Against all knowledge? Or have they really come to believe it? Only 18 percent of Republicans think so a recent poll that the storming was “largely violent” – compared to 26 percent two years ago. Only 31 percent of Republicans still believe that Biden was legitimately elected, compared to 39 percent two years ago. How the truth was covered up is no secret. Trump himself has worked hard on it and fellow party members in Congress want to forget the issue as quickly as possible. Even politicians who had to run for their lives during the storm are now supporting Trump in his election campaign.
What do those members of Congress say at home, talking to their spouse or their children, who are not crazy either, who also saw the windows of the Capitol being smashed and officers being hit with flagpoles? Family members who also heard calls for Vice President Pence to be hanged?

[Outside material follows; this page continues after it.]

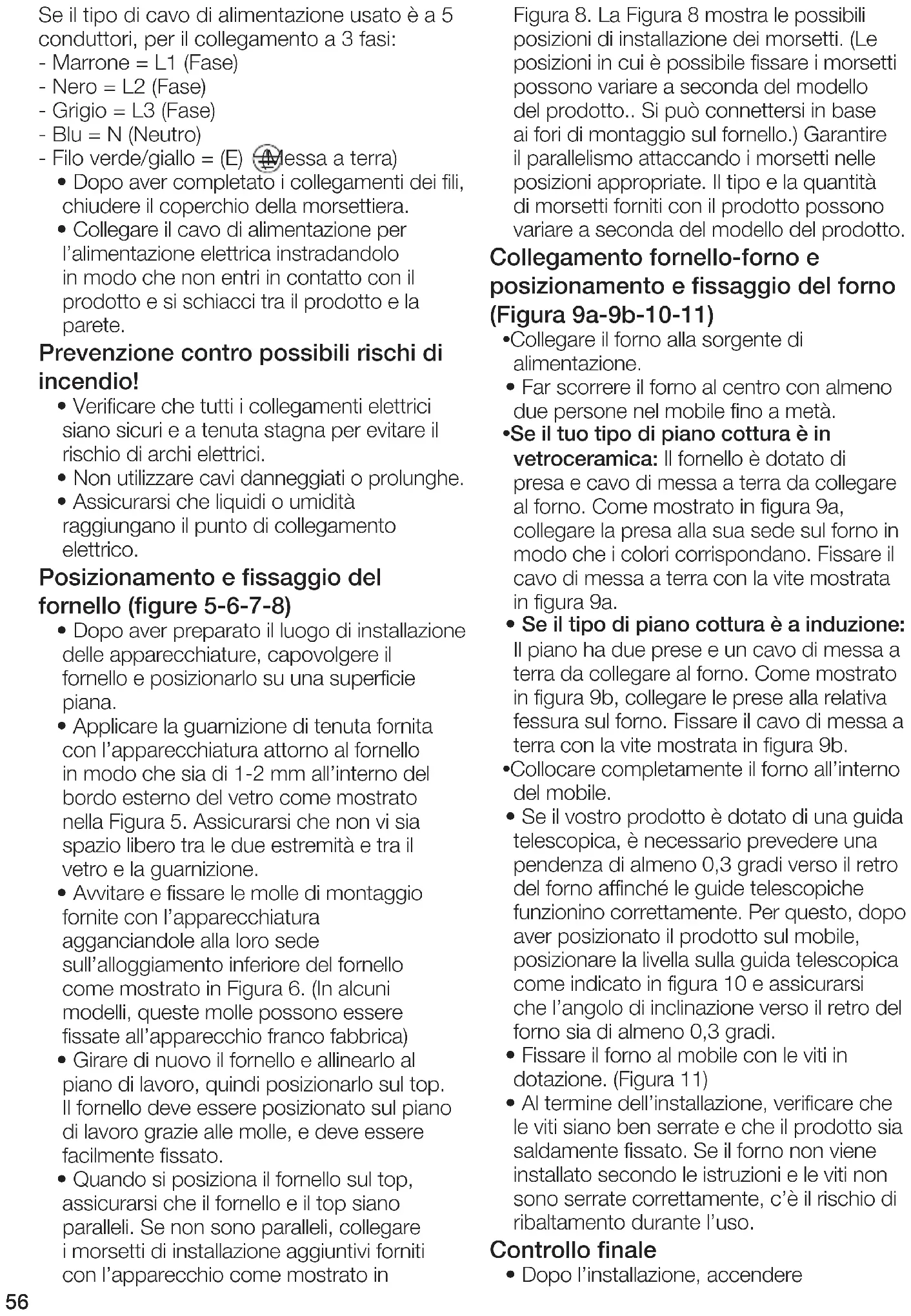 - Jei gaminys bus tiesiogiai prijungtas prie maitinimo šaltinio: Jeigu neįmanoma iš maitinimo tinklo išjungti visų polių, išjungimo prietaisai (saugikliai, grandinės apsaugos jungikliai, kontaktoriai) turi būti prijungti paliekant bent 3 mm tarpelius tarp konkaktų; visi poliai turi būti šalia (bet ne virš) viryklės, atsižvelgiant į iEE reglamentus. Nesilaikant šio nurodymo gali kilti naudojimo problemų ir gaminio garantija nebegalios.

What do those politicians say to themselves? “I have to”? Or: “I’ve come to realize that Biden really stole the election, the storming of the Capitol wasn’t that bad – and what’s more, the FBI was behind it”?
“People believe what they want to believe,” says a high judge in the oppressive novel Metropol by the German writer Eugen Ruge. The book is largely set in the Soviet Union, during Stalin’s Great Terror in the 1930s. Judge Wassili Wassiljewitsch Ulrich (who really existed) presides over the show trials in which alleged opponents of the regime are put on trial. They confess things they never did. They go along with the regime’s paranoid conspiracy theories. The judge sentences one after another to death, without any real evidence, with no regard for the truth. He is a cynic, he tells himself that he does not believe in anything. He has no illusions about the beliefs of others.

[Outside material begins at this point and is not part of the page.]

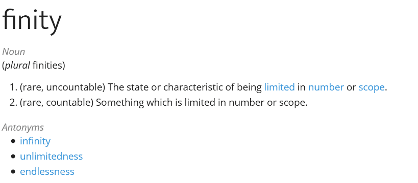 - There is a claim that finite implies a measurable amount with a beginning and an end, while infinite is treated as a composite rather than a direct opposite of finite.

“No, people’s faith does not depend on facts, not on evidence,” he muses. “Even worse; you can give them facts, you can refute them, it doesn’t help anything. On the contrary: if you want to believe something, you will find a way. He will twist and turn things until they fit his beliefs again. His intelligence will not be an obstacle, but will actually help him.”
Under Stalinism, people denied the truth out of fear. One wrong word could endanger their lives. During a hearing, the judge thinks: “If these defendants would now stand up and tell the truth, all sixteen of them… they would overthrow Stalin.” In the US, no one follows Trump’s lies out of fear for their lives. But if 16 prominent Republicans had the courage to tell the truth bluntly—about Trump, the 2020 election, and what happened on “January 6,” everything would be different—including them.